HOW TO COMPLETE THIS TASK:
Starting at the first line of the listing below, retype each line up to and including the one that contains "This elegant wedding". Leave pictures out.

DATA EXTRACT:

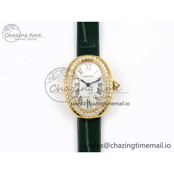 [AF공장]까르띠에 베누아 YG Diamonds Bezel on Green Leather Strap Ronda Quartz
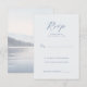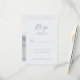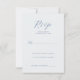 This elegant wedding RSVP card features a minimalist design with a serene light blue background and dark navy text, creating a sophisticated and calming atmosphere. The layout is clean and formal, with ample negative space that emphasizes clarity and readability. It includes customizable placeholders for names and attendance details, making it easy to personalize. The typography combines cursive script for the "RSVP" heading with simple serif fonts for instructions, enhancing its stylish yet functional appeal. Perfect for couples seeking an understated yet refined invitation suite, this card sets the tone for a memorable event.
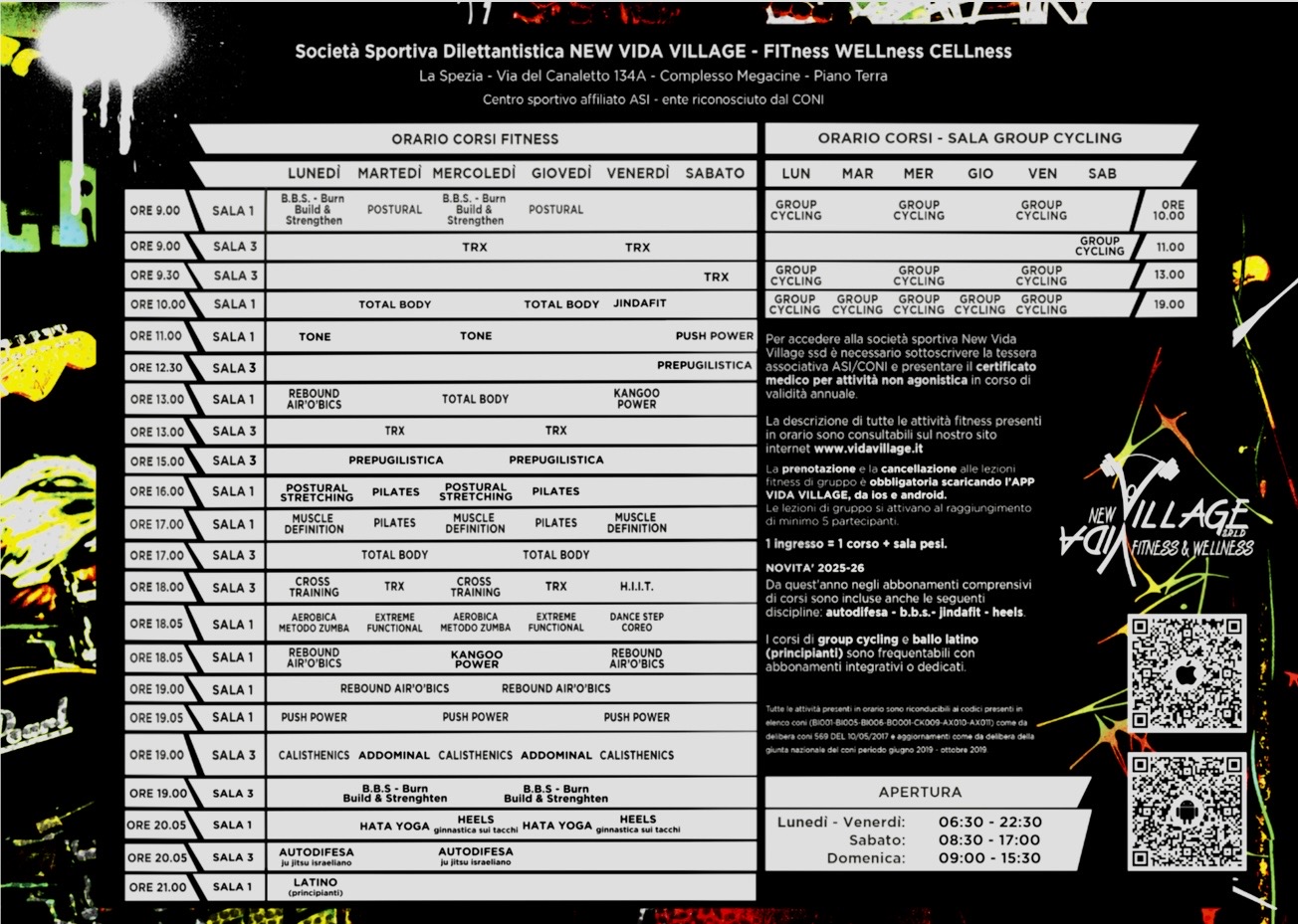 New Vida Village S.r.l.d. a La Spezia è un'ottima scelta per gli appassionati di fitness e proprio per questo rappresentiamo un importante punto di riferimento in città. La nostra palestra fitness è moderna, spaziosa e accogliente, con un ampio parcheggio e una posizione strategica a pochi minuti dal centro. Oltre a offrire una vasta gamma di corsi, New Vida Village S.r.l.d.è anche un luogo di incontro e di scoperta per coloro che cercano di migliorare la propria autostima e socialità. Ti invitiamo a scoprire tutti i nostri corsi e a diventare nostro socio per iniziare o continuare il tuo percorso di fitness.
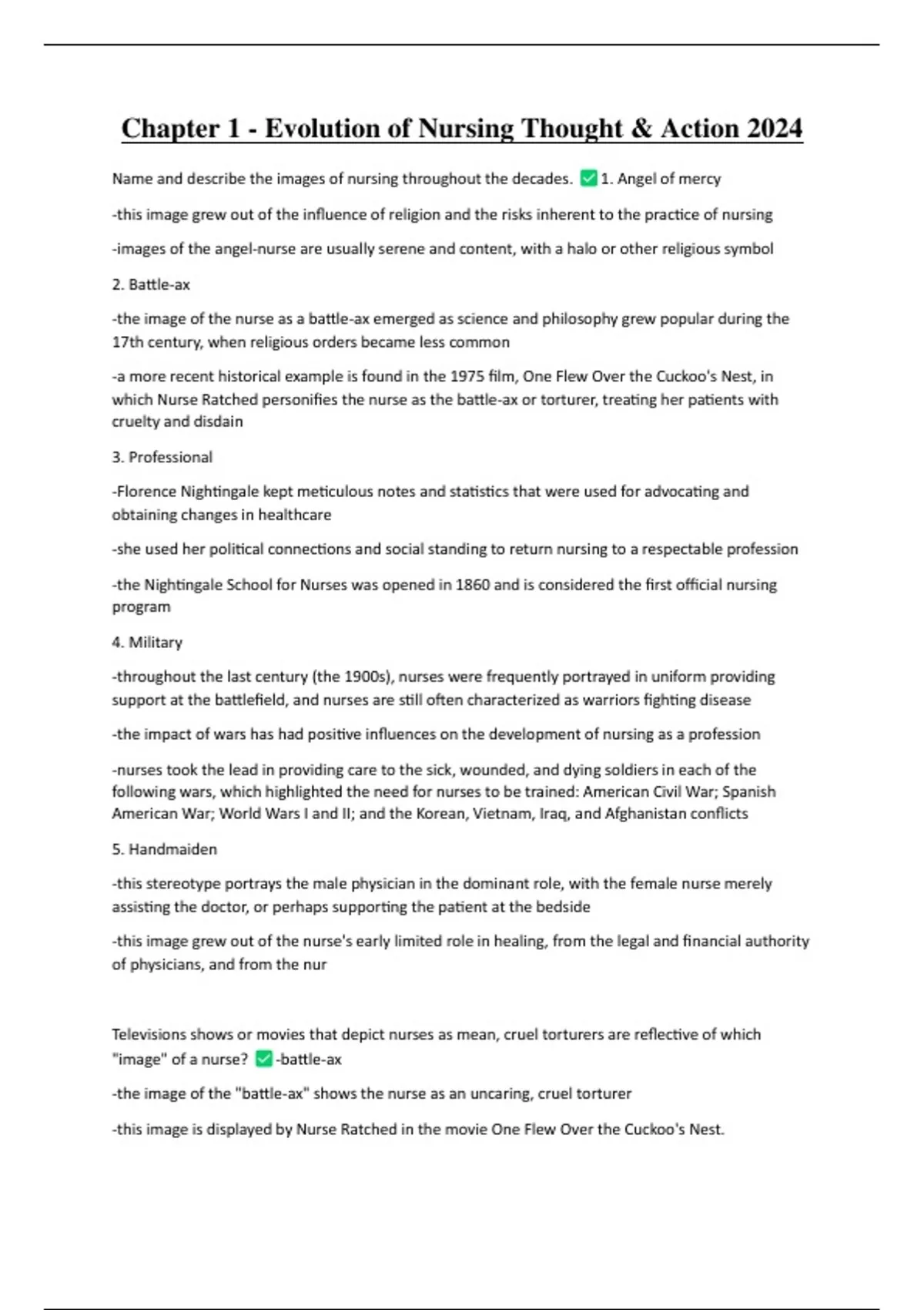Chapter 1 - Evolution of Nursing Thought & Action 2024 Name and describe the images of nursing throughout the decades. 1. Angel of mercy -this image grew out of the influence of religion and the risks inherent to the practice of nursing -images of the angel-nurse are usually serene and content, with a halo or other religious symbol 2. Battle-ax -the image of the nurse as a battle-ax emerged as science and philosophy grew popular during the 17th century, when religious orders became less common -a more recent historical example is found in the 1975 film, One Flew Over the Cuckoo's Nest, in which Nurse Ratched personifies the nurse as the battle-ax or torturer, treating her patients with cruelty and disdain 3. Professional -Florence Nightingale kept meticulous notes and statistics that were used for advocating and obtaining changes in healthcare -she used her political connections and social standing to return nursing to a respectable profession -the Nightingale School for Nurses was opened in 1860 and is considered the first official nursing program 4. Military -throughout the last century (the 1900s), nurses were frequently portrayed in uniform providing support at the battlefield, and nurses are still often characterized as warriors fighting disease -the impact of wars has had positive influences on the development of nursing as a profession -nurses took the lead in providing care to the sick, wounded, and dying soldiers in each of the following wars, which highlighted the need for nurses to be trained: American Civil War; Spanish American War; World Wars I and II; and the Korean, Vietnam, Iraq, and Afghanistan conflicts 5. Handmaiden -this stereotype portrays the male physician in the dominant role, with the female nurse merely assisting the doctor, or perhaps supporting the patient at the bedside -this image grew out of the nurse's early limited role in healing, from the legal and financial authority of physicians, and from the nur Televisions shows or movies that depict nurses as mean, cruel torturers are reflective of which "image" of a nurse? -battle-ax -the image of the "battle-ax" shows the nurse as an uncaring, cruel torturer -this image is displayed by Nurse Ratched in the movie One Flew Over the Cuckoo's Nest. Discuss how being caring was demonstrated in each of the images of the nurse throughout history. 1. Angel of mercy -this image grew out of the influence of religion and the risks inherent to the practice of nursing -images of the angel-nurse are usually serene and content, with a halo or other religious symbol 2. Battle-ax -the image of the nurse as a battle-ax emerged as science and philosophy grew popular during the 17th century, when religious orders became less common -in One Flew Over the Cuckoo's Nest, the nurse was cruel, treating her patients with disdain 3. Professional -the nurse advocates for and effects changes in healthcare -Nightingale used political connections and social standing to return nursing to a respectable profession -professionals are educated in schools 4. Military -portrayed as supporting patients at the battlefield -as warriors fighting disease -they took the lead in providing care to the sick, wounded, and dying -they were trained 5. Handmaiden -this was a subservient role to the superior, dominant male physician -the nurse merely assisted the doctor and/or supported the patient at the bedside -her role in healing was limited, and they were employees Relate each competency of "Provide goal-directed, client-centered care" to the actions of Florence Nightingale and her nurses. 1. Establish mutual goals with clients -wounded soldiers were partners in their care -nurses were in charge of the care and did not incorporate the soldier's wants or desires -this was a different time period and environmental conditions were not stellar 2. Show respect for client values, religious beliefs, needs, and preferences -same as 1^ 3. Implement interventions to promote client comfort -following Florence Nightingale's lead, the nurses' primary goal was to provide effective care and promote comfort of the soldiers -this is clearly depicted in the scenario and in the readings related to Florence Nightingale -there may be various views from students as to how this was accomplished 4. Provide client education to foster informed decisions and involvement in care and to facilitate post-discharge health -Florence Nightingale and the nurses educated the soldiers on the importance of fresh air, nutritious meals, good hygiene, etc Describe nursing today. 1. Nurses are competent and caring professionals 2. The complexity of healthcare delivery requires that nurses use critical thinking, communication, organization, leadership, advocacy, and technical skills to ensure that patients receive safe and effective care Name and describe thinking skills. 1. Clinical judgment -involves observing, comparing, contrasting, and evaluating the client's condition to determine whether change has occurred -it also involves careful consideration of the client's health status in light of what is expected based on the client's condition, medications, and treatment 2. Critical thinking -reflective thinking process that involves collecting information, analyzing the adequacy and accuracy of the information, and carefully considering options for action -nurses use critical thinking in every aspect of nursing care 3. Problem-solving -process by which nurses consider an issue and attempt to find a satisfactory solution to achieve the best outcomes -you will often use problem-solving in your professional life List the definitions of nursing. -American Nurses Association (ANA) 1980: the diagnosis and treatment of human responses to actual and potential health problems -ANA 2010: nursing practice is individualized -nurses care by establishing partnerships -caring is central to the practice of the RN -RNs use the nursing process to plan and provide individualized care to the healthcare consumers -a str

THE COMPLETED TASK:
 [AF공장]까르띠에 베누아 YG Diamonds Bezel on Green Leather Strap Ronda Quartz
 This elegant wedding RSVP card features a minimalist design with a serene light blue background and dark navy text, creating a sophisticated and calming atmosphere. The layout is clean and formal, with ample negative space that emphasizes clarity and readability. It includes customizable placeholders for names and attendance details, making it easy to personalize. The typography combines cursive script for the "RSVP" heading with simple serif fonts for instructions, enhancing its stylish yet functional appeal. Perfect for couples seeking an understated yet refined invitation suite, this card sets the tone for a memorable event.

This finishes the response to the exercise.